What was the intended meaning of the quotation marks around "sinners" in the old NIV?

score:4

Accepted answer

This is not addressed in the Preface to the 1984 NIV, so we must look elsewhere for clues.

The best explanation I've found comes from Craig S. Keener's commentary on Matthew:

Some take sinners here to mean the 'am hā'āres common people whom the Pharisees despised for their lack of adherence to Pharisaic food laws (as in Jeremias 1972:132; thus the quotation marks in the NIV); more scholars today lean toward the view that it means sinners in a more blatant sense. (source)

So the NIV translators make a judgment call – when the word sinners is used to mean something more like "despised by Pharisees" than "those who violate God's law," they put the word in quotes.

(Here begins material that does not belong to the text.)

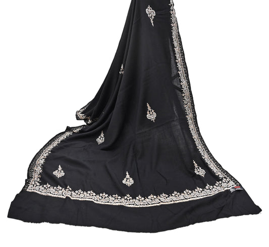 Vintage Shawl Black Pure Woolen Shawl Handmade Embroidered Long Throw Stole Warm Stole Floral Design Zardozi/dabka
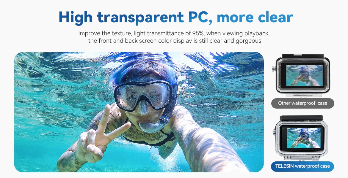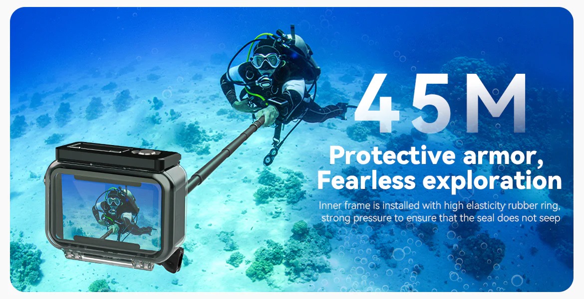 Protect your DJI Action 5,4 3 camera with the TELESIN Waterproof Housing, engineered for extreme underwater adventures and rugged outdoor use. With a precision seal and ultra-clear lens, this case lets you capture stunning footage up to 45 meters (148 feet) underwater—without compromising video quality or camera safety.

James A. Brooks, in The New American Commentary, explains the matter similarly, regarding Mark 2:15:

The NIV is quite correct to put the word "sinners" in quotation marks to indicate that it is being used with an unusual meaning. The reference is not to immoral or irreligious person but to those who because of the necessity of spending all their time earning a bare subsistence were not able to keep the law, especially the oral law, as the scribes thought they should. As a result the scribes despised them. Perhaps a better translation would be "outcasts" (GNB). (source)

But, as Keener notes, this is an interpretive decision and there's some disagreement over it. Thus it shouldn't be surprising that other translations, including the NIV 2011, don't adopt this stylistic approach.